5 Easy Ways to De-motivate Your Staff
By Wayne Mates
Make no mistake; the people who work with you everyday are vital to your success. These are the people you rely on to help you meet your company goals. Without them, there would be no success for you. It is always in your best interest to keep them motivated, to keep them productive. If you want to keep them that way, do not do any of the following:
- Set unrealistic expectations – This does not mean you can’t work with them to set challenging goals, goals that allow them to learn, grow and excel. Goals that allow them personal fulfillment are good challenges. What is not good is handing someone a list of objectives and goals for which they had no input. It is terrible you think so little of them that you need to dictate their objectives. Also, setting goals very high as to be unattainable creates an environment for de-motivation. People know what is doable and unless you have a whole new proven way of doing things, your employees are not going to buy in to your scheme.

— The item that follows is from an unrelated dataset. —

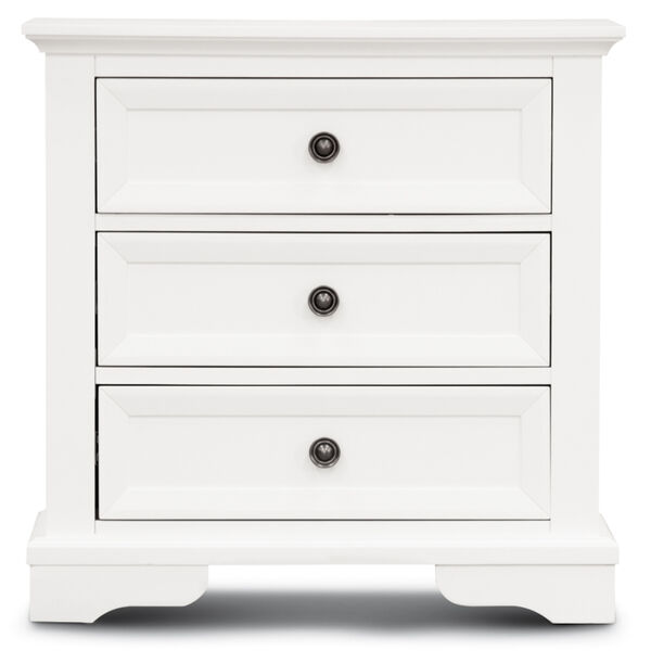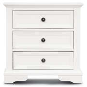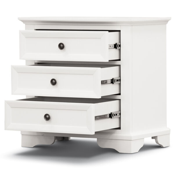 Stop wasting time worrying about where to keep that diary that you need in your bedroom on a regular basis. Bring home this 3-drawer bedside table and solve your bedroom's storage space problem forever. The bedside, designed in a coastal style, is an excellent addition to your bedroom. Its drawers have full metal extension runners and shiny, black metal knobs. The top drawer has black felt for the safe storage of delicate items. The bedside table is made of sustainably harvested solid acacia timber. The wood is known for its good looks, shock-resistance, and durability. The furniture piece in a white painted finish goes well with a variety of interior decor styles, and a one-year warranty is included with the fully-assembled bedside.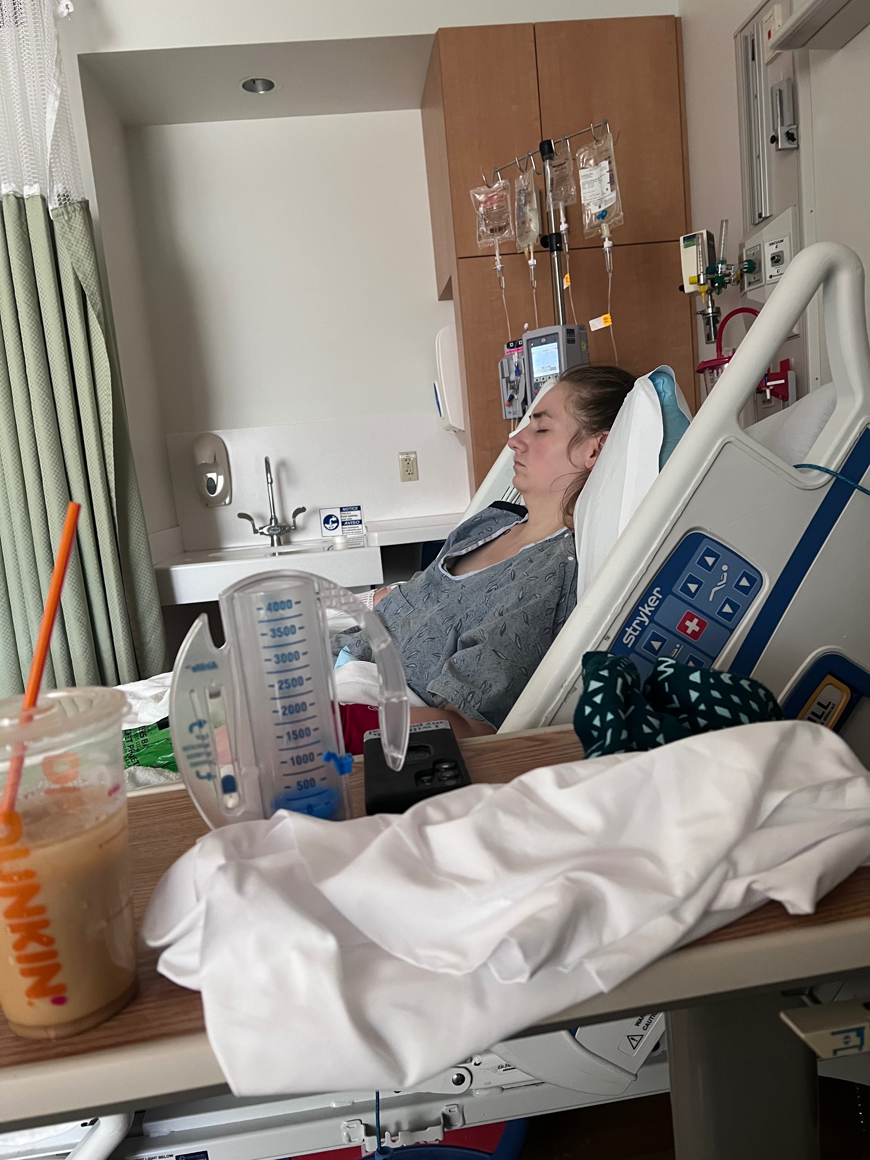 Over the past 6 weeks, Trisha became very sick, running fevers up to 104! In the beginning, she went to a walk-in clinic twice and both times was given antibiotics and sent home. On the last day of the second dose of antibiotics, she came home early (highly unlike her) and her husband promptly brought her to the ER. After having several scans and tests, the on-call OB rushed in, telling her she has a life-threatening pelvic infection and her IUD had migrated. They promptly removed it and admitted her to the hospital. The cultures were not clear on what type of infection Trisha had, so they had to give her an array of antibiotics. Trisha had multiple large pockets of fluid in her tummy, one of which was 10 CM and another was 7 CM in size! They then put drains through her stomach to help drain the infection. At first, it was 2 drains, and then it was 4. The antibiotics were so harsh on her poor veins that they were running out of places to take blood because they were so damaged. So then they decided to put a PICC line in. A PICC line is a more permanent IV that is placed directly into her main artery. Because of the severity of all the damage from numerous IVs, she developed blood clots in her left arm.

- Waste their time – How many meetings, conference calls, reports are your employees attending or creating that add little or no value? How many people do you add to meetings or calls that are important just because you think they should be there? Reality may dictate that some of these folks are much better served by not attending. Maybe they can be productive instead. I have seen far too many “bosses” create unnecessary meetings and calls so they can pontificate to an audience. If you want to pontificate give your talk to your mirror, but don’t waste valuable time.
- Create constant fire drills – Take a look at the last several months of your activity. How many times have you sent out requests for information or reports where you need the information today? Every time you do that, your staff drops vital tasks to respond to your requests. By the time they finish acting upon your needs, they have forgotten what it was they were working on that was important. Oh, you say you need the information for an important client? Shouldn’t you develop the skills to set the appropriate expectation with that customer? They will respect you for it. Yes, there are occasions when a “fire drill” is necessary, but keep them to a minimum.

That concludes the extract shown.